The song built slowly, not louder but deeper, each note layered with emotion he never showed in words. When he reached the final verse, his voice steadied, no longer strained, the melody resolving into something warm instead of sad. The last chord lingered in the air long after his fingers stopped moving, fading into the night like a memory being set down gently instead of buried. Ruko exhaled and looked up at the moon again, a faint, genuine smile crossing his face for the first time in days. The heaviness in his chest had loosened. It wasn't gone, but it was manageable. The silence no longer felt hostile. It felt quiet in the way a calm room feels after a conversation that didn't need words. Behind him, the girls stepped back without making a sound. They didn't want to break whatever that moment had been. As they returned to their rooms, something had shifted—not dramatically, not with speeches or apologies, but with understanding. They had seen a side of Ruko that explained the distance, the logic, the way he always carried responsibility alone. On the rooftop, Ruko let the Core Alloy dissolve back into his arm, the guitar vanishing into liquid metal. He stretched, feeling lighter than he had since Kazuma left. The moonlight reflected in his eyes, and for a brief moment his usual guarded expression was replaced with something softer, almost gentle. Then the familiar neutral look returned, the "cat expression" the others joked about, the emotional mask sliding back into place.
But the difference was that it wasn't as heavy anymore. He stayed there a while longer, letting the cool air settle around him, the echo of the song still lingering in his mind.
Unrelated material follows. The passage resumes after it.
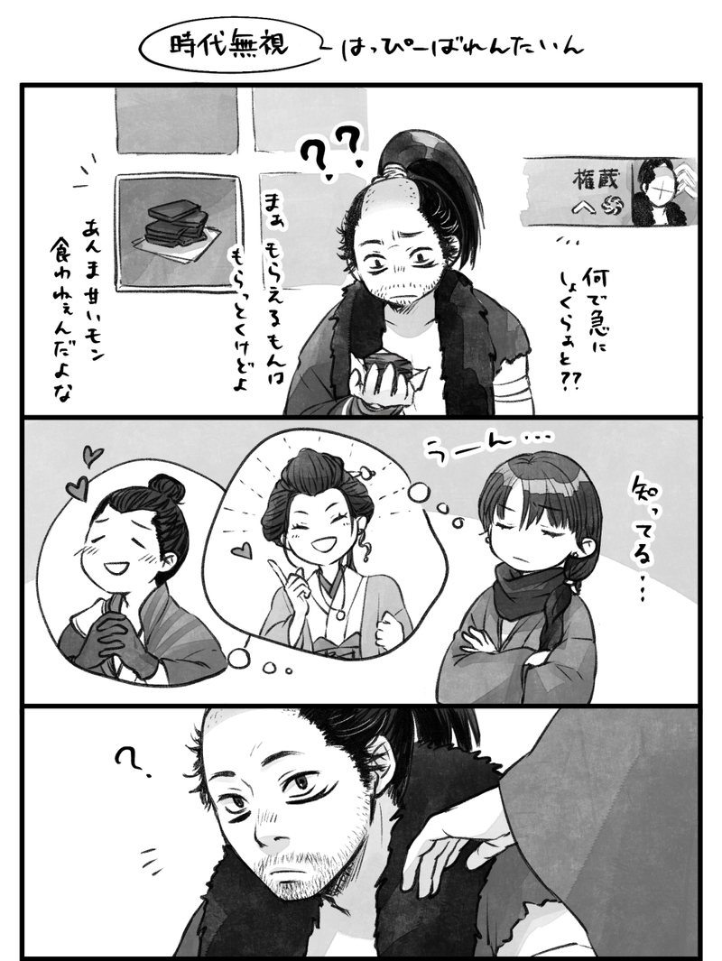 ryokura_e☆quiet followDONE時代無視バレンタイン権×主。not比翼。世話になってるからあげるぐらいの感覚なので、あとで勝さんにもあげます。そしてバレンタインどうこうは権蔵には何も話していない理不尽。年賀マンガでは主人公がしてやられたので、今回は権蔵にしてやられてもらいました。 show all(+1 images) Tap to full screen (size:971x1293).Repost is prohibited Let's send reactions! freqpopularsnackothersPayment processing Replies from the creator Follow creator you care about!☆quiet follow ryokura_eDOODLE権×主。比翼直後っぽいらくがき。権蔵は、最初のころはちょっとくっつくのでも照れててくれたら私がうれしい。 ryokura_eDONEウェブオンリー紫電一閃簡易版用 展示マンガでした。治安の悪い賭場の話。権+主。賭場での日常。モブが沢山出ますのでご注意。多分江戸初期。顔には出ませんが、ほんのちょこっと庇われたのが嬉しかったりしたので、夕飯はうなぎです。 6 ryokura_eDOODLE少女漫画(?)っぽく見せかけて物騒。息抜きに描いてたら、バレンタインと似たりよったりな内容に…。こういうのが好きだから仕方ない…🫠じわじわと大事にされてるのが身にしみていく感じを描きたい今日この頃。 ryokura_eDOODLE野宿。 ryokura_eDONEホワイトデーはなさそうなので、時代無視バレンタインマンガの後日譚。がっつり権×主です、ご注意!今回は引き分けました😌 6 ryokura_eDOODLE権主。ベタなんですが、こういう場面のマンガ描きたい。しかし一切ネタが思いつかないので、夜中のらくがき供養。 recommended works o_edokabukiDOODLE【CoC君にしか頼めないんだ、こんなこと】ネタバレ注意 3 _moml_DOODLE 19 atmgpd93DOODLECoC【VOID】PC/PL早咲 望/コトリさん明希/にかさん日高 暁/立花紫月さんラウム/はむちゃ 9babbabbab6DONEgntm第七 🐧コラボ可愛かった🍠 natfanDOODLE 2 natfanDONE 3 onioni_trpgDOODLEシリウスの篝火 現行未通過×case1で可愛かったところ nashi__rabDOODLE「ラクダのコブは高級食材」のポストが流れてきた時に考えていたこと 제에ゼエDOODLEモブ幾 裏rkgk18↑? 2

When he finally went back inside, the mansion didn't feel as cold. He passed Aqua in the hallway; she hesitated, then gave a small nod instead of looking away. Megumin muttered a quiet "good night" without sarcasm. Darkness offered a faint smile. No one mentioned the music. They didn't need to. Ruko returned to his room, lay down, and for the first time in over a week, sleep came without system alerts, without intrusive memories, without calculations running in the background. The loneliness hadn't disappeared, but it had changed shape, no longer an empty void but something that could be filled, even if only for a few minutes under the moon with a song from another world.